帝国一の魔術師であるハロルドでさえ、今放たれた攻撃の十分の一も防ぎきることはできないだろう。それをこの若者は、片腕で少女を抱き寄せたまま、難なく、事も無げにやってのけた。
(防壁を張るのではない……全ての魔術の属性を見極め、寸分違わぬ威力で相殺したというのか? ――これはもはや、人の領域ではない。神、か……!)
バレルだけでなく、周囲の兵士たちも完全に戦意を喪失していた。握りしめた武器はガタガタと震え、その顔には「もはやこれまでか」「一瞬で全滅させられる」という絶望の色が濃く浮かんでいる。
轟音が止み、一転して凍りつくような死の静寂が、帝国の前哨基地を支配していた。
誰もが容赦のない「神の裁き」を覚悟し、恐怖に喉を鳴らす中――ゼクスの腕に抱かれたセシルだけは、違っていた。
セシルは震える帝国軍など視界にすら入れず、ただひたすらに、己のすべてであるゼクスを見上げ続ける。

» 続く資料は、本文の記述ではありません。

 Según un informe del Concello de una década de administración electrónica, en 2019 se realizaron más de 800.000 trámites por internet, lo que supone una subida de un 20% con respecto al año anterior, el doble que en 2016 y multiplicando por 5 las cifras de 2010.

頬をほんのりと赤らめ、潤んだ瞳に熱い羨望の光を宿らせながら、世界を無慈悲に圧倒したその横顔を、うっとりと恍惚とした表情で見つめている。
世界がどれほど恐怖しようとも、セシルにとってこの光景は、大好きな旦那様が誰よりも格好良く輝いている、ただそれだけの、至福の瞬間でしかなかった。

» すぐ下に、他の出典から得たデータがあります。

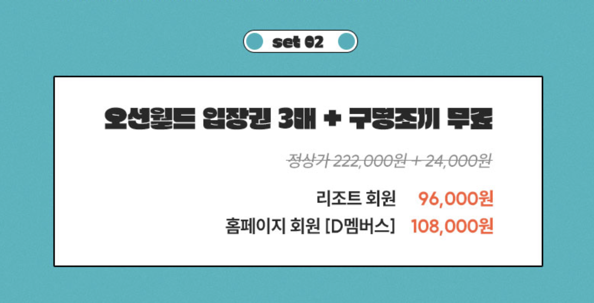 단 12일동안 진행하는 이번 프로모션은 오션월드 입장권을 2매, 3매, 4매로 묶어 파격 할인가에 판매하는 세트권 프로모션입니다. 구매고객에게 1인 8천원 상당의 구명조끼 무료로 제공하고 있으며, 분할 사용, 타인양도 가능한 프로모션으로 부담 없는 가격으로 가족, 지인과 함께 무더위를 식히며 즐기운 추억을 쌓으실수 있습니다.

「――私はゼクス!軍属ではない!此度は先の戦いで散った帝国兵の遺品を持って参った! 確認していただきたい!」
張り詰めた硝煙の匂いの中、一切の空気を読まないゼクスの大声が、前哨基地の広場に響き渡った。
「……は?」
バレルの思考が、完全に停止した。
周囲の兵士たちも、何を言われたのか理解できず、幽霊でも見たかのように呆然と固まっている。
軍属ではない? 遺品を持ってきた? 確認しろ……?
(……罠、か!? いや、待て……)
バレルは必死に混乱する脳細胞を回転させ、冷や汗を拭いながら思考を巡らせる。だが、すぐにひとつの結論に達した。

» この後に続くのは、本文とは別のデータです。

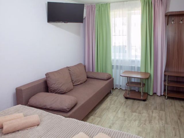 Уютный номер для незабываемого отдыха, как семьей так и веселой компанией. В номере имеется: кухня-прихожая оснащена обеденным столом, большим холодильником, микроволновкой, мультиваркой, электрочайником, всей необходимой посудой (тарелки разного диаметра, кружки, стаканы, рюмки, вилки, ложки и всевозможные миски); совмещенный санузел - душ, раковина, унитаз, сушилка для белья, водогрейка (холодная и горячая вода круглосуточно); спальная комната - две полуторные кровати по 1,2м. и один двуспальный диван (спальные места от 4х до 6и человек), тумбочки, вместительный шкаф, постельное белье, комплект полотенец для каждого гостя, покрывало для пляжа, WI-FI, сплит-система, жк телевизор. Бесплатные парковочные места рядом с номером. Своя мангальная зона. На территории есть детская площадка, отличная столовая и бар-шашлычная с бильярдом. Обустроенные пляжи
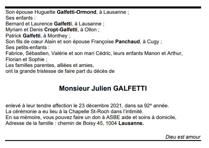 Monsieur Julien GALFETTI 27 juil. 1930 - 23 déc. 2021 Avis mortuaire PFG Télecharger PDF Partager sur: Galerie PreviousNext PreviousNext
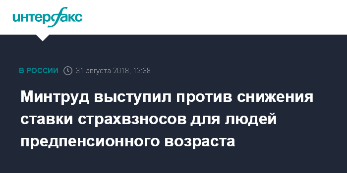 Минтруд выступил против снижения ставки страхвзносов для людей предпенсионного возраста

(あり得ん。これほどの、神に等しき圧倒的な力を持つ怪物なのだ。我らを罠に嵌める必要などどこにある? そもそも敵を全滅させたいだけならば、罠など使わずとも、あの恐るべき魔術で視界の外から狙撃すれば事足りるはずだ……!)
そして何より、軍属ではないという言葉。それが真実なら、目の前の怪物は国家の命令ではなく、ただの「個人」として動き、そして本気で、ただ純粋に「遺品を届けにきた」と言っていることになる。
罠ではない。それは理解できた。
さりとて、バレルには、このあまりにも常識外れな男の申し出の「真意」を、どうしても理解することができなかった――。